## What you are asked to do
Transcribe the listing that follows in full, exactly, and drop its images.

## Provided data
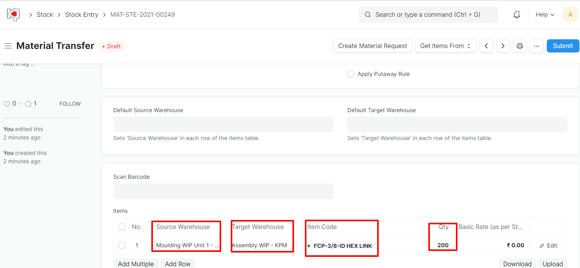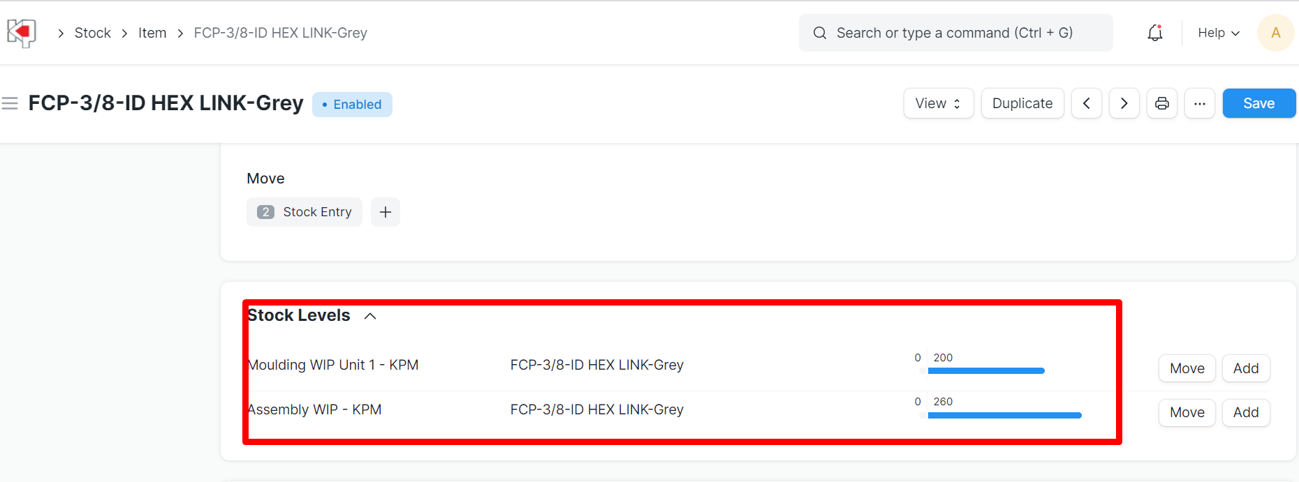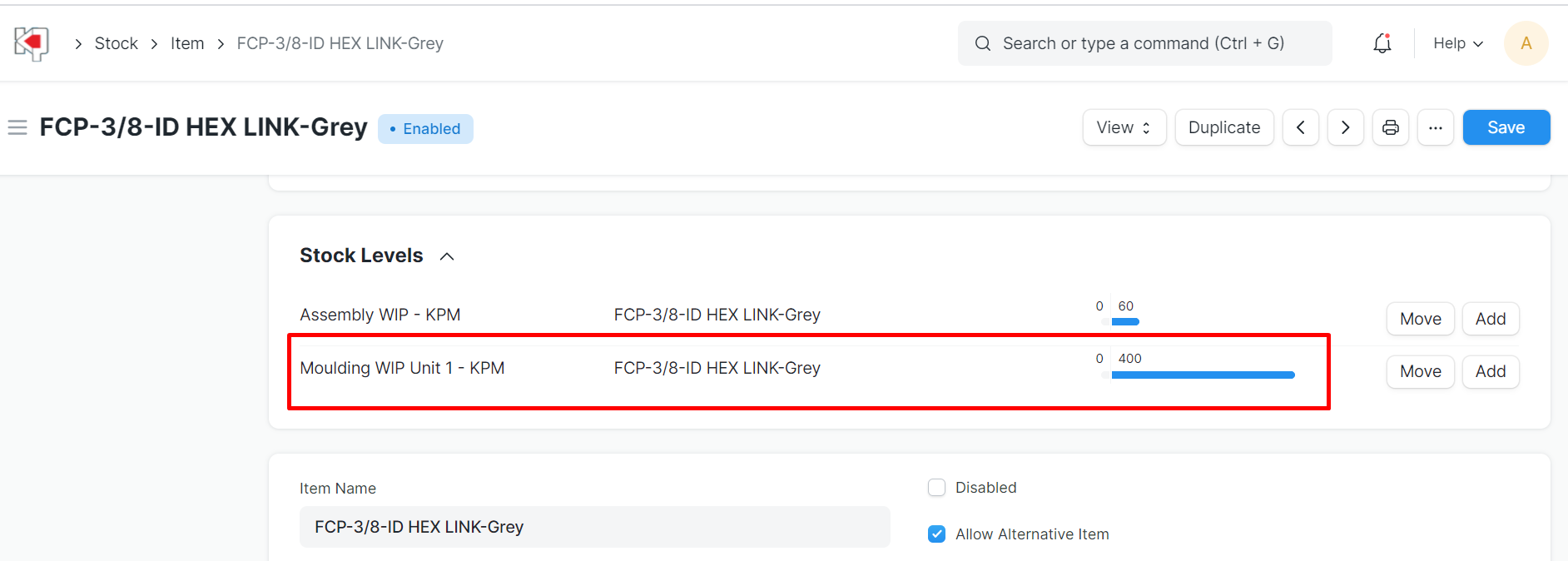 In this case, we want to transfer item from "Moulding WIP Unit 1 - KPM" to "Assembly WIP-KPM"
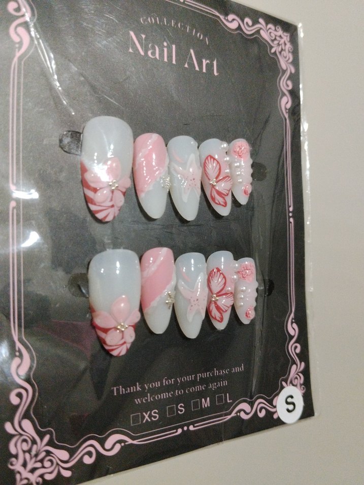 Pastel pembe tonlarında, çiçek ve kelebek desenli tırnak süsleri seti. Küçük inci detayları içerir, farklı boylarda mevcuttur.
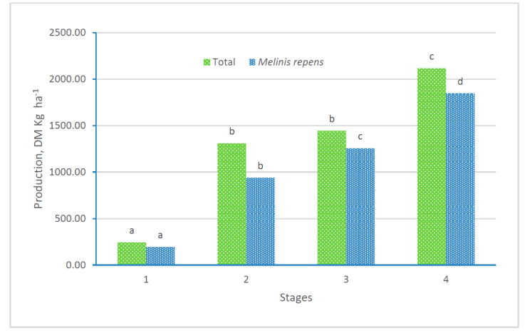 | Melinis repens | 26.67a | 29.27a | 28.86a | 35.53b |

## Solved problem
 In this case, we want to transfer item from "Moulding WIP Unit 1 - KPM" to "Assembly WIP-KPM"
 Pastel pembe tonlarında, çiçek ve kelebek desenli tırnak süsleri seti. Küçük inci detayları içerir, farklı boylarda mevcuttur.
 | Melinis repens | 26.67a | 29.27a | 28.86a | 35.53b |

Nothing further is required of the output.